Zitat Zitat von Lugasch Beitrag anzeigen
Die Moral kann möglicherweise nur dann die Wirkung entfalten, wenn sie durch eine hypothetische Bestrafung gestützt ist. Kann sich ein Individuum sicher sein, dass es keine Strafe zu erwarten hat, kann es sehr einfach in einen unmoralischen Zustand verfallen, was wir oft in den Kriegen sehen. Muss aber nicht.

Das würde keineswegs solche Dinge erklären, wie jene Leute, die im 2. WK Juden zu sich aufgenommen haben; erstens ist das für sich schon lästig, wenn man das Haus mit andern Leuten teilen muss; zweitens, falls es rauskommen würde, würden sie noch von der Obrigkeit bestraft werden und das drakonisch. Warum machen Leute sowas, wenn es doch von A-Z nur Nachteile und Ärger bringt?

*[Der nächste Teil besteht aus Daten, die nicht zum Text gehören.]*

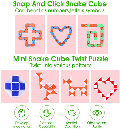 💖 【32 PCS Sensory Toys】 Conjunto de brinquedos sensoriais inclui 4 cordas elásticas, 2Puzzle ball, 1 labirinto puzzle, 2 snap and click snake, 1 dedo giroscópio, 2 twist puzzle brinquedos e assim por diante. Cores brilhantes e variedades ricas, efetivamente atraem a atenção das crianças , Promova a estimulação motora. Também vem com caixa de embalagem requintada para armazenar facilmente os brinquedos.
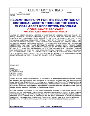 The legal use of the Global Asset Redemption Program is governed by various statutes and regulations that ensure its integrity and legitimacy. Compliance with these laws is essential for participants to avoid penalties and ensure their claims are processed smoothly. This includes adhering to guidelines set forth by the IRS and other regulatory bodies, which outline the proper procedures for asset redemption.

Biologisch betrachtet stimmt es, allerdings sind die Gene, die sich selbst in eine ungünstige Fortpflanzungssituation fortpflanzen (Verzeihung) vom Aussterben bedroht. Und daher sind mir keine dauerhaft erfolgreichen Vergewaltigerdynastien geläufig.
nun, auch Rom ist zugrunde gegangen; die haben allerdings nach dem Raub der Sabinerinnen doch sehr sehr lange floriert.

Da es gerade passt: ich habe soeben gelesen, dass die Sanitäterameisen in Kriegshandlungen mir Termiten ihre Verletzten Kameraden retten, weil sie dadurch auf Dauer im Schnitt mit einer 30% höheren Kopfstärke in den "Krieg" ziehen können. Hier scheint ein moralisches Vorgehen am Werke zu sein, welches aus meiner Sicht rein evolutionär bedingt ist.
"ist moralisch" und "ist evolutionär bedingt" müssen ja keine Widersprüche oder Gegensätze sein.

Es sind zwei unterschiedliche Ebenen der Betrachtung, die sich ergänzen.